As a matter of fact I have also walked to the house in the woods behind this house, suspecting that I might have been mistaken as to the whereabouts of all three items, but the painting and the life of Brahms and the atlas do not appear to be in that house, either.

In fact the only item in that house which I remembered having ever given even a second glance, in addition to a reproduction of a painting by Suzanne Valadon that is taped to the living room wall, was a soccer shirt with the name Savona printed across its front.

Which I have now washed at the spring and am wearing as I type.

As a matter of fact I have been wearing the soccer shirt for some days.

Even if I have no idea what it is, really, about wearing the soccer shirt.

And even if I am still at a total loss in regard to that painting.

Which I may or may not have painted myself, incidentally, if I have not said.

Actually I have no recollection whatsoever of having painted that painting.

Still, ever since it turned up missing I have had the curious impression that I just could have.

Or at least that I certainly once imagined it as a painting that I might possibly paint but then did not.

Which is the sort of thing that a painter will now and again do, of course.

Or not do, rather.

But in which instance there could have scarcely been a painting for me to have lost after all, obviously.

Or would that have to mean that there might have been no life of Brahms and no atlas either, then?

Except that if there had not been any atlas how could I have once looked up Lititz, Pennsylvania, in it, on an occasion when I happened to be curious about Lititz, Pennsylvania?

And if there had not been any life of Brahms how could I have once lighted some torn-out pages from it on the beach and then tossed them into the air to see if the breeze might make them fly?

When I was trying to simulate seagulls?

Even if most of the pages happened to fall right next to me, as a matter of fact.

Because of having been printed on extraordinarily cheap paper, doubtless.

But so that there must have unquestionably once been a life of Brahms in this house.

And in which a part I always liked was when Clara Hepburn gave Ludwig Wittgenstein some sugar.

Although what I would really like to find even more than I would like to find the painting is my missing cat, to tell the truth.

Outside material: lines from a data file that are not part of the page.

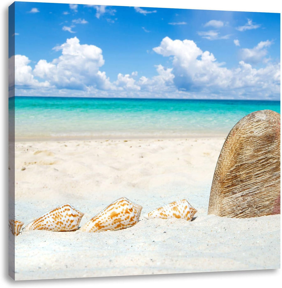 Pixxprint Sandstrand mit Muscheln als Leinwandbild/Grösse: 70x70 cm/Wandbild/Kunstdruck/fertig bespa
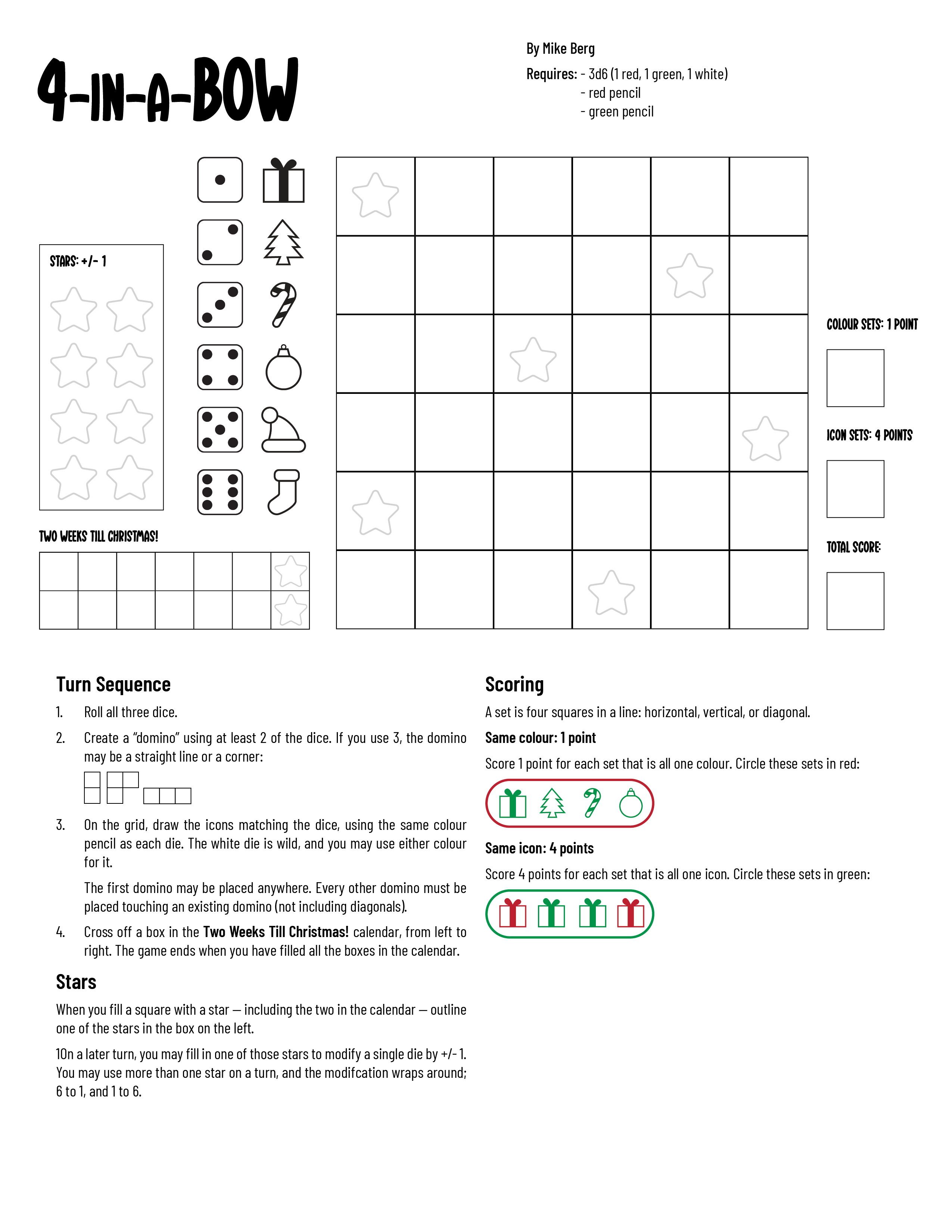 I made a little Christmas-themed roll-n-write... I haven't even playtested it yet, but if anyone wants to give it a try...
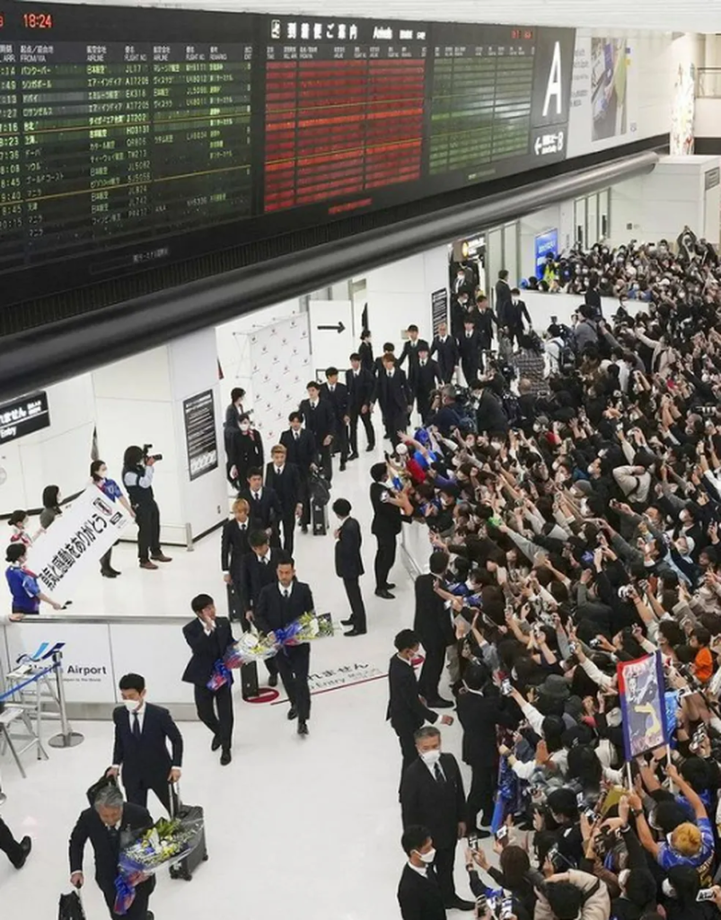 Mesmo perdendo a chance de realizar a melhor campanha do país em Copas do Mundo, a seleção japonesa foi recebida com muita festa no retorno da delegação ao país. Os torcedores lotaram o aeroporto Haneda, principal da capital japonesa. Na última segunda-feira, os “samurais azuis” foram eliminados nos pênaltis para a Croácia, por 3 a 1, após o empate em 1 a 1 no tempo normal.
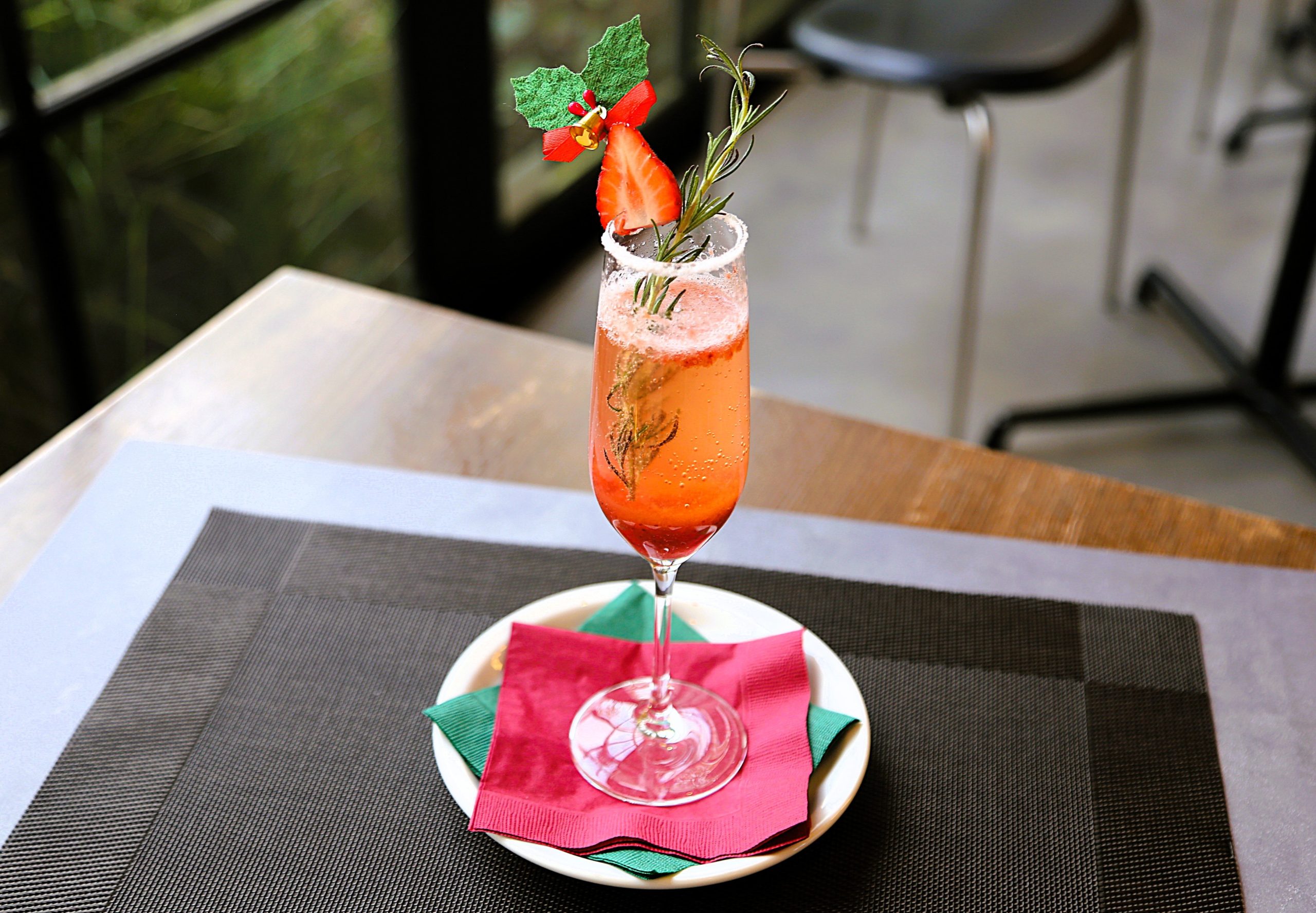 ローズマリーと苺でクリスマスツリーをイメージした華やかなモクテルに仕上げております。

Even if it is not really a cat and is not really missing, actually.

Well, being only Magritte, who used to be Vincent.

Which is to say that the tape would appear to have blown away from the outside of that broken window, being all.

Still, one had gotten to be quite fond of that frisky scratching.

Although even just to see some floating ash again would be agreeable, too.

Even if one would hardly go to the trouble to name some floating ash, on the other hand.

There is a numeral on the back of the soccer shirt, by the way.

Possibly it is a nine. Or a nineteen.

In fact it is two zeros.

Have I mentioned that I have taken to building fires down near the water, after my sunsets, incidentally?

I have taken to building fires down near the water, after my sunsets.

Now and again, too, looking at them from a distance, what I have done is to make believe for a little while that I am back at Hisarlik.

By which I really mean when Hisarlik was Troy, of course, and all of those years and years ago.

So that what I am more truthfully making believe is that the fires are Greek watchfires, where they have been lighted along the shore.

Well, that certainly being a harmless enough thing to make believe.

Oh. And I have been hearing The Alto Rhapsody again also, these days.